To conclude this introductory post, I briefly present the base conditions for this project; including a preliminary statement of the starting assumptions, and an explanation of the different types of scoring systems to be investigated.

I find B-Whist to be such an enjoyable game because it combines skilful, thoughtful play with good fortune. You must play the hand you are dealt, but you can be clever about it; coming up with a good bid for your hand, timing the play of your cards, and sabotaging the other players’ strategies. It is also exciting because the scoreboard can be tight and dynamic. The leading player can sometimes find themselves at the bottom of the scoreboard in just a few rounds, and therefore cannot simply coast on early round victories.
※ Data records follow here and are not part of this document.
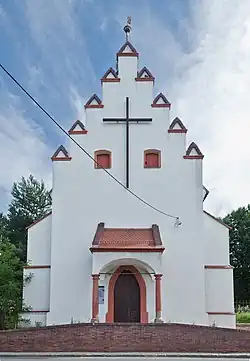 Der Kirchenbau besitzt eine hochaufragende Fassade mit einem steilen Stufengiebel im Stil der Renaissance. Das Satteldach ist bekrönt mit einem barocken Helm. Der Hauptaltar im Innenraum stammt aus dem 17. Jahrhundert.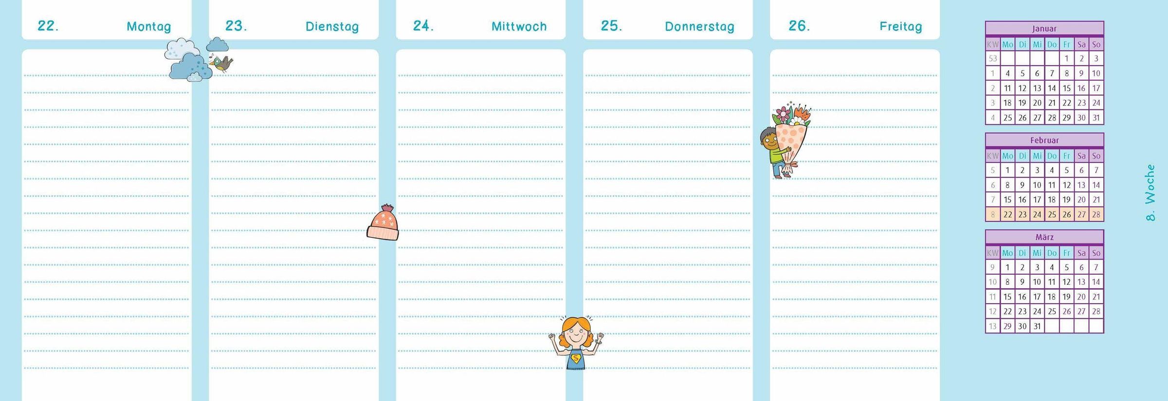 In der übersichtlichen Wocheneinteilung ist jeweils genug Platz für eigene Termine und Notizen; die Wochentage selbst sind unterteilt von der 1. bis zur 6. Stunde.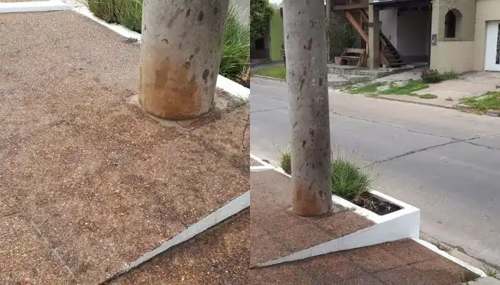 “Ya no sé qué hacer, no sé si podrán mandar un móvil. Porque, la verdad, vergüenza da”, pidió Oscar. Radio Cuarentena se presentó para constatar el derrame proveniente del transformador y las salpicaduras esparcidas a los costados.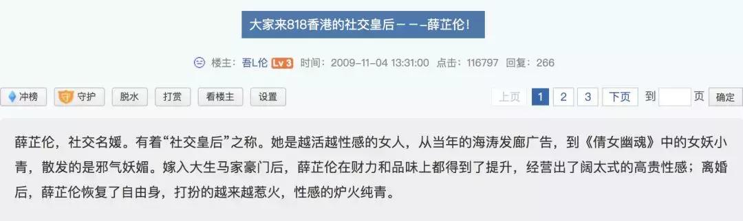 ▲在那个没有公众号的年代,古早的天涯论坛很早就曾经八过这位香港社交皇后。

Ultimately, it is a simple game, which is in large part why it is so charming.

With that in mind, I propose the following starting assumptions on what would make a good scoring system:

- The system maintains a tight and dynamic scoreboard throughout the 25 rounds.
- The system rewards intelligent play (and perhaps risk taking, while also potentially penalising conservative play).
- The system is simple enough to memorise without needing to write down.

These, I submit, are not controversial assumptions. As we shall see in future posts, there are a number of different combinations of point yielding (and subtracting) mechanisms that will all result in widely different scoreboards. The most hopeful of these systems will be modelled on simulated games (the number of which is in the order of 2x10¹⁶⁵!) and, hopefully, a winning candidate will ultimately be uncovered.

Finally my family and I can get back to arguing about something else.